Graham Rix

Personal information
- Full name: Graham Cyril Rix
- Date of birth: 23 October 1957 (age 68)
- Place of birth: Doncaster, England
- Height: 5 ft 9 in (1.75 m)
- Position: Midfielder

Youth career
- 1974–1975: Arsenal

Senior career*
- Years: Team / Apps / (Gls)
- 1975–1988: Arsenal / 351 / (41)
- 1987–1988: → Brentford (loan) / 6 / (0)
- 1988–1991: Caen / 89 / (9)
- 1991–1992: Le Havre / 12 / (0)
- 1992–1993: Dundee / 14 / (2)
- 1995: Chelsea / 1 / (0)
- Total:  / 473 / (52)

International career
- 1977–1980: England U21 / 7 / (0)
- 1979–1981: England B / 2 / (0)
- 1980–1984: England / 17 / (0)

Managerial career
- 2000: Chelsea (caretaker)
- 2001–2002: Portsmouth
- 2004: Oxford United
- 2005–2006: Heart of Midlothian
- 2012: Central
- 2013–2017: AFC Portchester
- 2022–2024: Fareham Town

= Graham Rix =

English footballer (born 1957)

Graham Cyril Rix (born 23 October 1957) is an English former professional football player who later became a coach and manager.

Rix played for Arsenal for thirteen years, then Brentford (on loan), Caen, Le Havre, Dundee and Chelsea. He also won 17 caps for England between 1980 and 1984. Rix then managed Chelsea (as caretaker), Portsmouth, Oxford United, Heart of Midlothian, Central, AFC Portchester and Fareham Town.

==Club career==

===Arsenal===
Originally from Doncaster, Yorkshire, Rix joined Arsenal as an apprentice in 1974 and turned professional the year after. He made his debut for the club against Leicester City on 2 April 1977, and marked it by scoring the opening goal. Rix immediately became a regular on the left wing, replacing George Armstrong. Together with Liam Brady, he formed part of an impressive attacking midfield, which helped Arsenal to three successive FA Cup finals between 1978 and 1980. Arsenal only won one of these, in 1979 against Manchester United; the final score was 3–2, with Rix crossing for Alan Sunderland's last-minute winner, just one minute after United had equalised to level the score 2–2.

Arsenal reached the European Cup Winners' Cup final the following season, against Valencia; the match finished 0–0 after extra time – a penalty shoot-out ensued, but Rix missed his penalty and Arsenal lost. He became captain of the club in 1983. Arsenal's form slumped in the early 1980s, though, meaning Rix was unable to claim any silverware as skipper. Arsenal won the 1986–87 League Cup; Rix was not part of the squad for the final against Liverpool but he contributed three appearances en route.

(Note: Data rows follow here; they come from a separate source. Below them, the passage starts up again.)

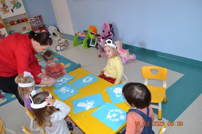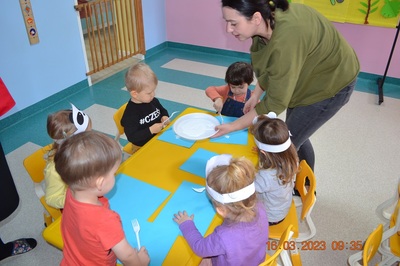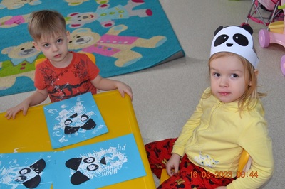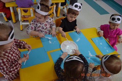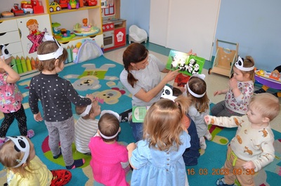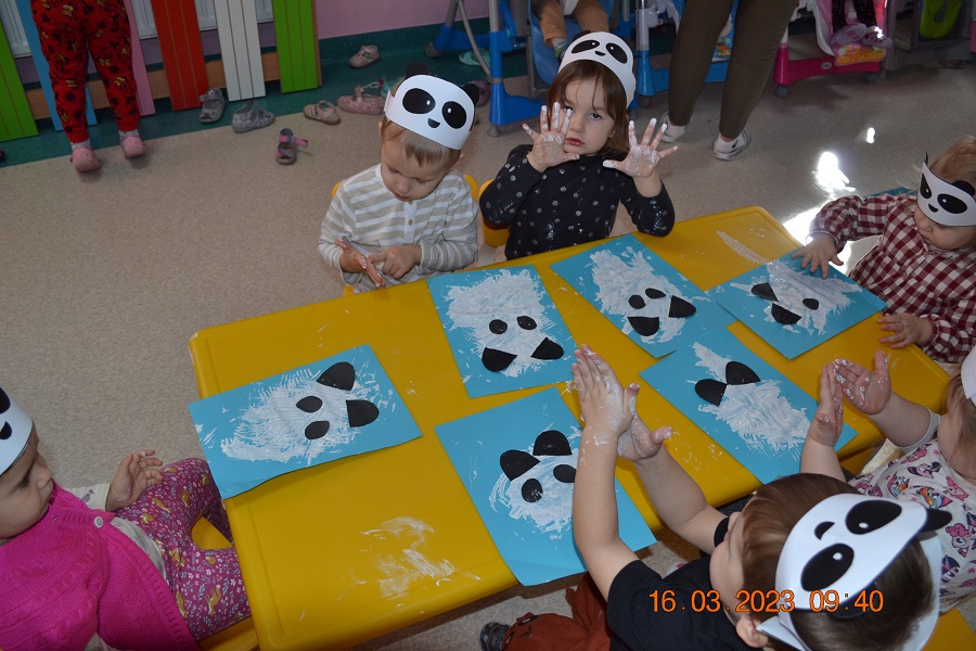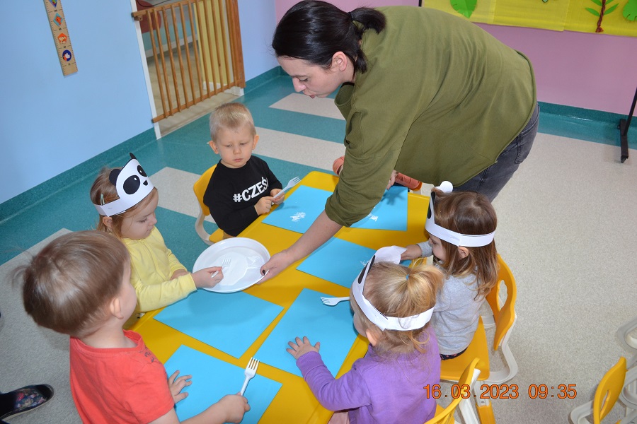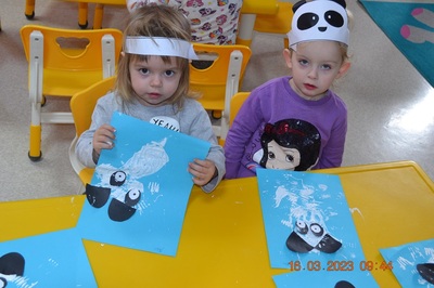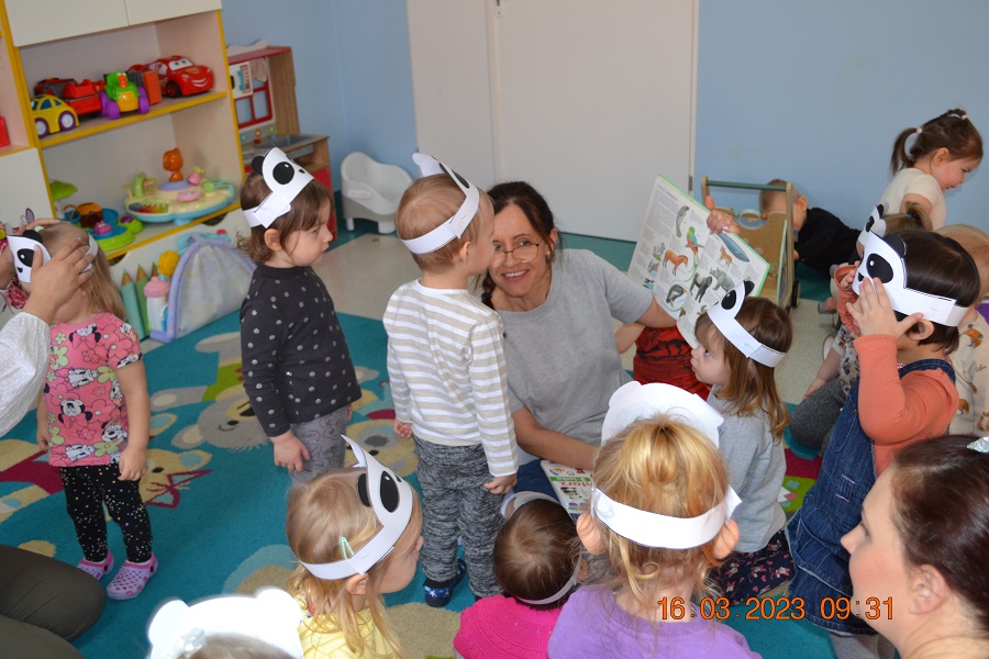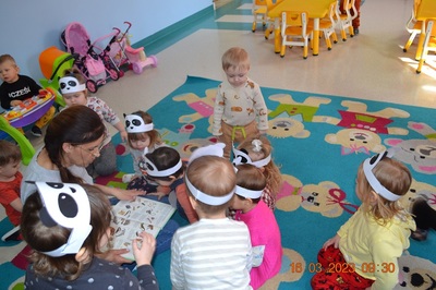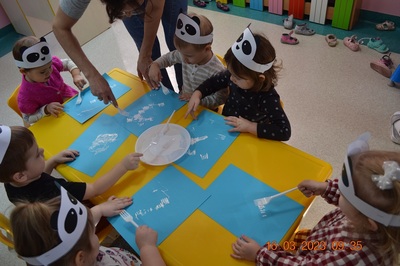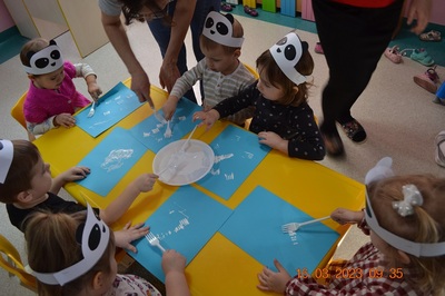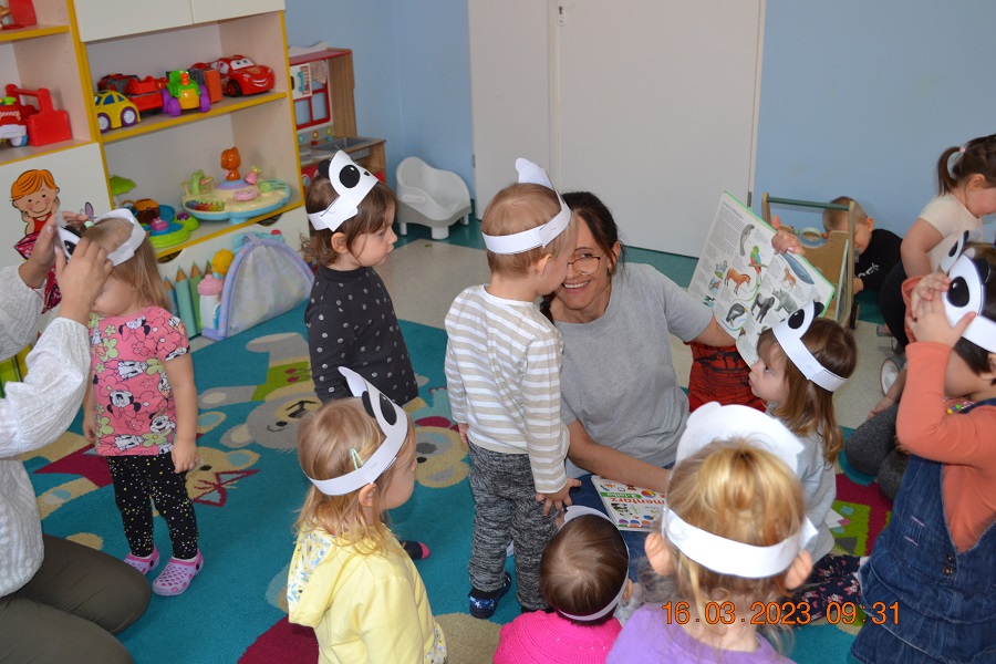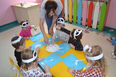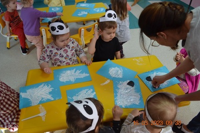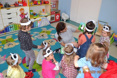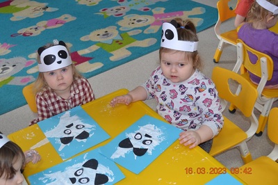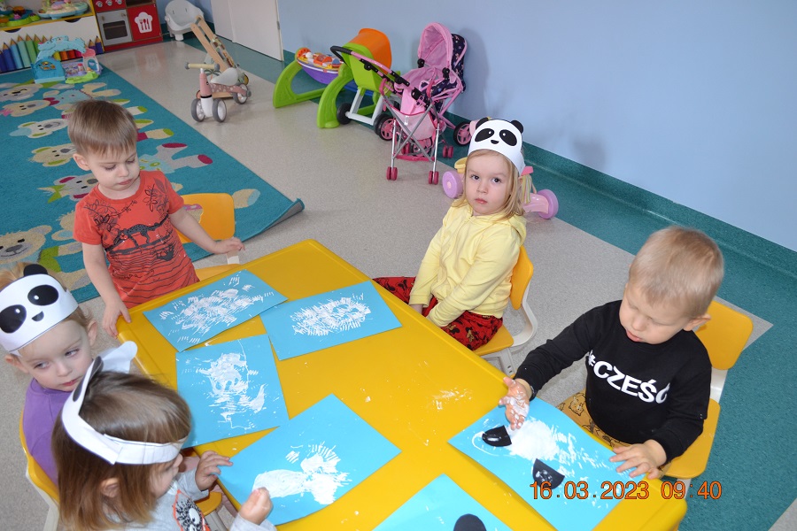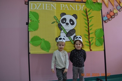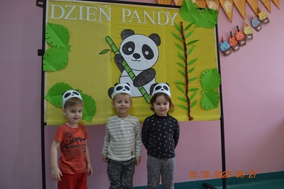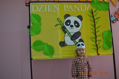 Podczas zajęć dzieci dowiedziały się ciekawych informacji na temat tego niedżwiedzia bambusowego, między innymi, że: Panda nie zapada w sen zimowy, większość dnia spędza na jedzeniu oraz bardzo lubi spać i przytulać się. Dzieci założyły opaski dzięki, którym mogły wcielić się w postać Pandy. Następnie wszytskie maluszki wykonały przepiękne prace plastyczne przedstawiające Pandę. Był to dzień pełen zabawy.
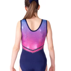 ESME Z663:- Girls short sleeved leotard for girls in Pink to Blue Ombre with Navy bottom and lots of pretty gems to make this a sparkly gymnastics leotards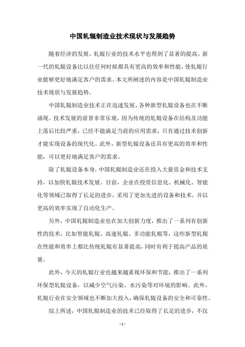 2. 轧辊的发展现状随着工业化进程的加快和技术的不断创新,轧辊行业取得了较快的发展。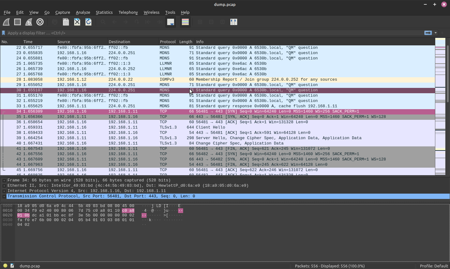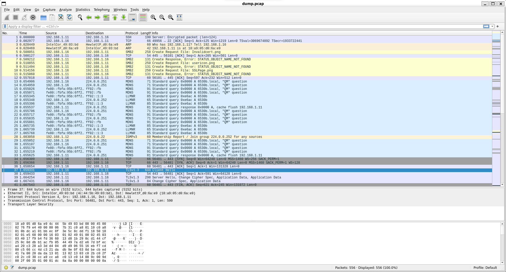 Now you can read it back on the local server where Wireshark is installed to give the screen view at the start of the Post - it needs an xserver, so you cannot see output over remote SSH without further tech wizardry to run a GUI app over SSH: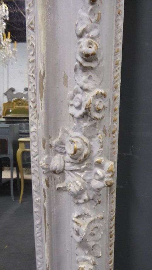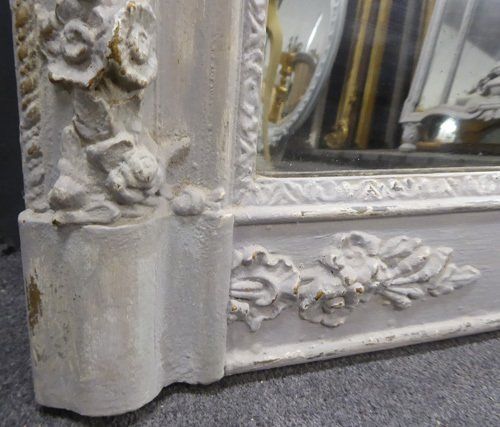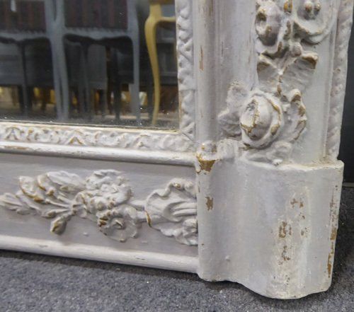 Ref 7578 - Antique French Mirror - Worn grey painted period French Restauration antique mirror with gesso decoration to frame. Original mercury glass with some faint surface scratches. Original pine board back. Circa 1830.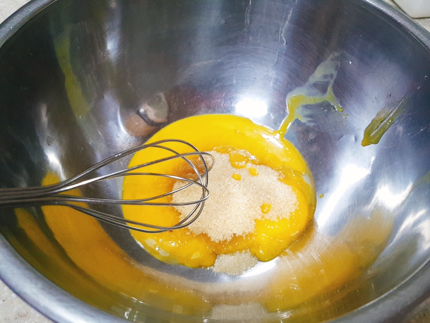 달걀노른자 4개랑, 설탕40g, 바닐라익스트랙 5g 정도를 넣고 설탕이 녹을 정도로 거품기로 잘 섞어주세요~ (설탕은 많이 먹으면 안좋으니 기존 양보다 항상 좀 작게 넣어줍니다~ 설탕소스로 충분히 달기 때문에 푸딩까지 안달아도 되용^___^)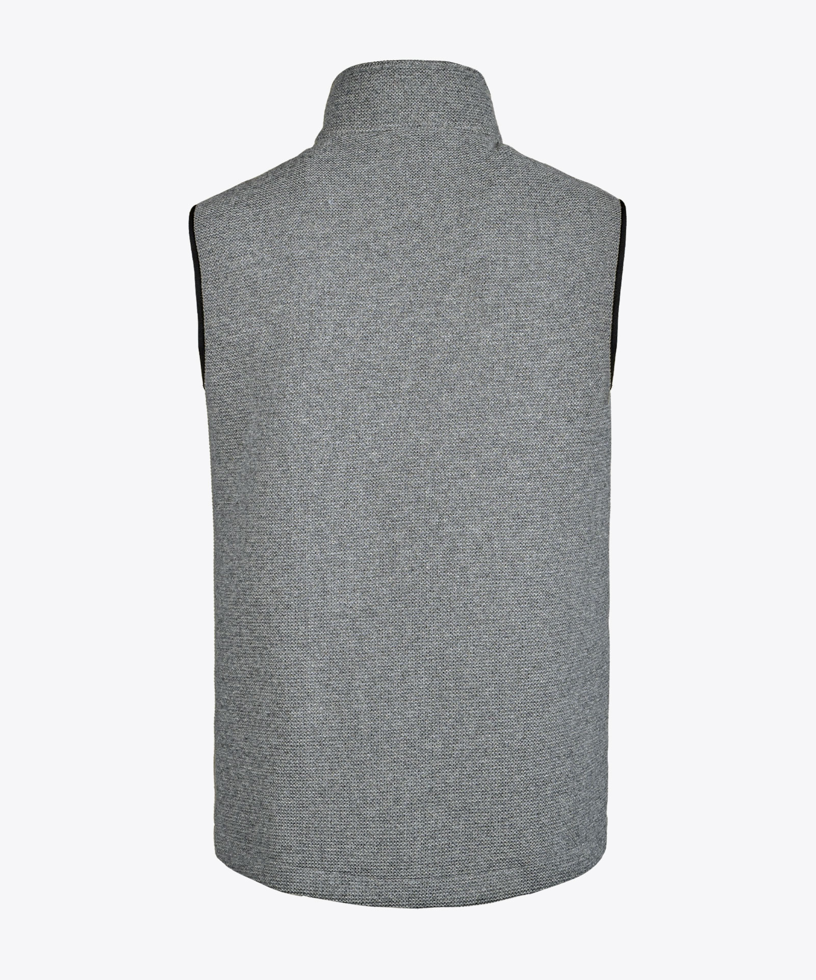 Linksstrick mit gebondeter Jerseyinnenseite in Grau-Melange; zwei Zipptaschen; abnehmbare Echtleder-Zippangreifer; Elastikeinfassung am Armabschluss; ungefüttert Material Außenseite: 45% Wolle, 33% Viskose, 16% Polyamid, 4% sonstige Fasern, 2% Elasthan Material Innenseite: 78% Polyester, 17% Viskose, 5% Elasthan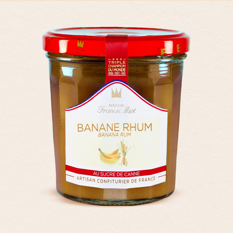 Notre boutique de vente en ligne a le plaisir de vous faire découvrir cette confiture artisanale Banane Rhum au sucre de canne disponible en pot de 340g et 100g.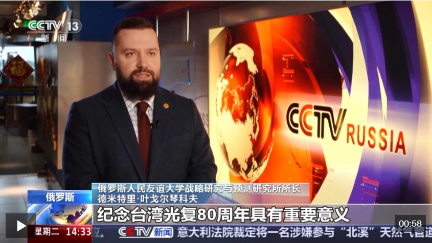 俄羅斯人民友誼大學(xué)戰(zhàn)略研究與預(yù)測(cè)研究所所長(zhǎng) 德米特里·葉戈?duì)柷倏品颍杭o(jì)念臺(tái)灣光復(fù)80周年具有重要意義,象征著中國(guó)人民心向統(tǒng)一。戰(zhàn)勝日本軍國(guó)主義是世界反法西斯戰(zhàn)爭(zhēng)的重要組成部分,這一歷史應(yīng)該被銘記?! ?img alt="" src="http://resource.sjzdaily.com.cn/files/Resource/phpad/images/2510/28/1949157733906719.jpg" />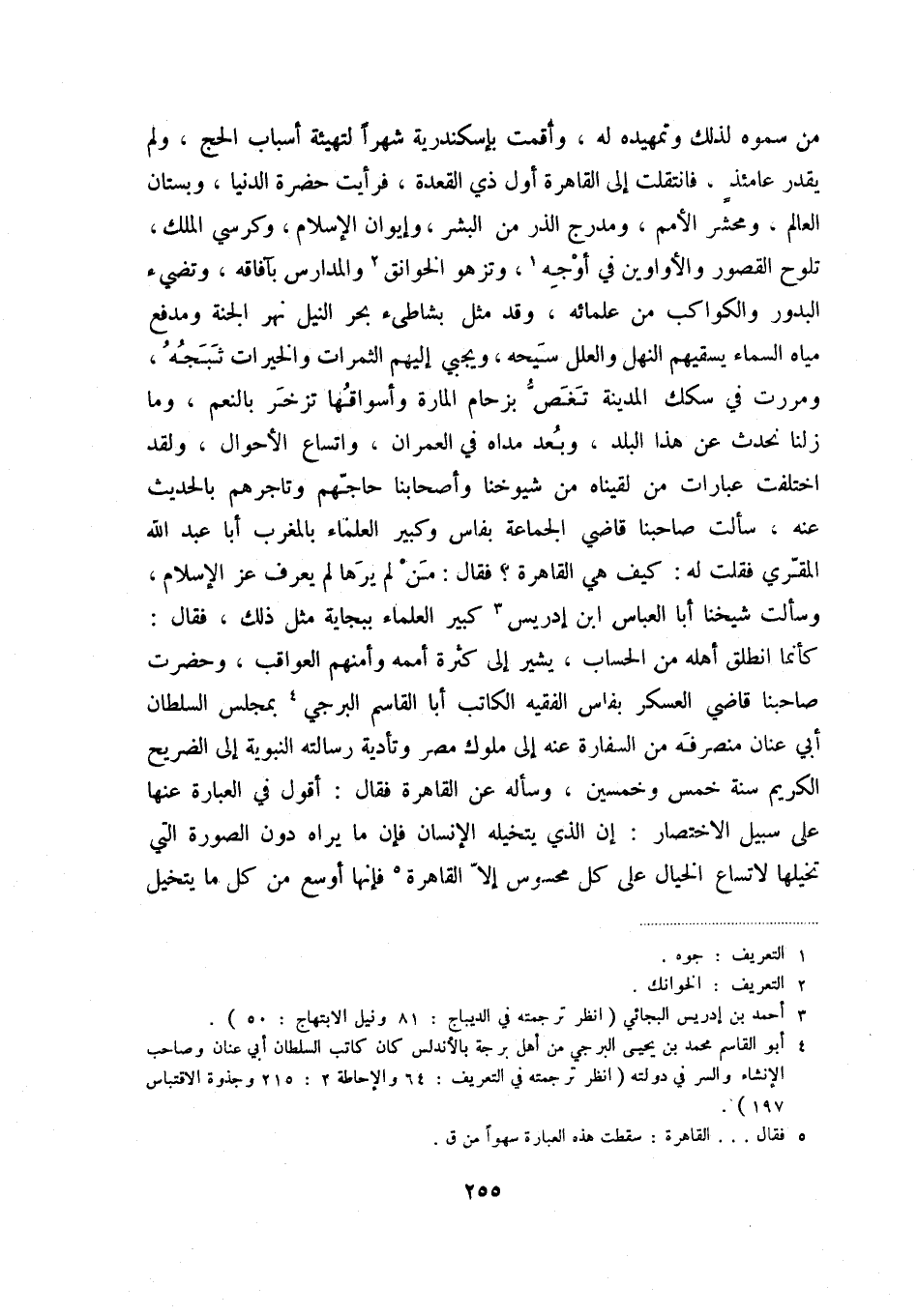 من سموه لذلك وتمهيده له، وأقمت بإسكندرية شهراً لتهيئة أسباب الحج، ولم يقدر عامئذ، فانتقلت إلى القاهرة أول ذي القعدة، فرأيت حضرة الدنيا، وبستان العالم، محشر الأمم، ومدرج الذر من البشر، وإيوان الإسلام، وكرسي الملك، تلوح القصور والأواوين في أوجه (1) ، وتزهو والخوانق (2) المدارس بآفاقه، وتضيء البدور والكواكب من علمائه، وقد مثل بشاطئ بحر النيل نهر الجنة ومدفع مياه السماء يسقيهم النهل والعلل سيحه، ويجبي إليهم الثمرات والخيرات ثبجه، ومررت في سكك المدينة تغص بزحام المارة وأسواقها تزخر بالنعم، وما زلنا نحدث عن هذا البلد، وبعد مداه في العمران، واتساع الأحوال، ولقد اختلفت عبارات من لقيناه من شيوخنا وأصحابنا حاجهم وتاجرهم بالحديث عنه، سألت صاحبنا قاضي الجماعة بفاس وكبير العلماء بالمغرب أبا عبد الله المقري فقلت له: كيف هي القاهة فقال: من لم يرها لم يعرف عز الإسلام، وسألت شيخنا أبا العباس ابن إدريس (3) كبير العلماء ببجاية مثل ذلك، فقال: كأنما انطلق أهله من الحساب، يشير إلى كثرة أممه وأمنهم العواقب، وحضرت صاحبنا قاضي العسكر بفاس الفقيه الكاتب أبا القاسم البرجي (4) بمجلس السلطان أبي عنان منصرفه من السفارة عنه إلى ملوك مصر وتأدية رسالته النبوية إلى الضريح الكريم سنة خمس وخمسين، وسأله عن القاهرة فقال: أقول في العبارة عنها على سبيل الاختصار: إن الذي يتخيله الإنسان فإن ما يراه دون الصورة التي تخيلها لاتساع الخيال على كل محسوس إلا القاهرة (1) فإنها أوسع من كل ما يتخيل

A series of injuries to his achilles tendon kept Rix out of the team in the mid-1980s, and he lost his starting place in the side to Martin Hayes. Rix had a spell on loan at Brentford, before being released in 1988. In all, he played 464 times for the Gunners, scoring 51 goals.

===After Arsenal===
After leaving the London club, Rix was the subject of offers from Sheffield Wednesday as well as Queens Park Rangers, but he instead signed for French club Caen, where he would spend three years before transferring to Le Havre, and then played in Scotland for Dundee before announcing his retirement as a player in 1993.

==International career==
Between 1980 and 1984, Rix played for the England national team, including making five appearances at the 1982 World Cup. He was capped 17 times, but failed to score. His first appearance came on 10 September 1980 in a 4–0 win over Norway, his last in a 1–0 win over Northern Ireland on 4 April 1984.

==Coaching career==
===Chelsea===
Rix joined Chelsea as youth team coach in mid-1993. During an injury crisis, he briefly enlisted as a player for the club, playing a solitary Premier League match in May 1995 against his former club Arsenal. Rix became assistant manager in 1996 under new Blues boss Ruud Gullit, and continued in the same role under Gullit's successor Gianluca Vialli, winning the FA Cup in 1997, and the League Cup and Cup Winners' Cup in 1998. He won the FA Cup again in 2000, before leaving the club, after a brief spell as caretaker manager following Vialli's sacking by Ken Bates.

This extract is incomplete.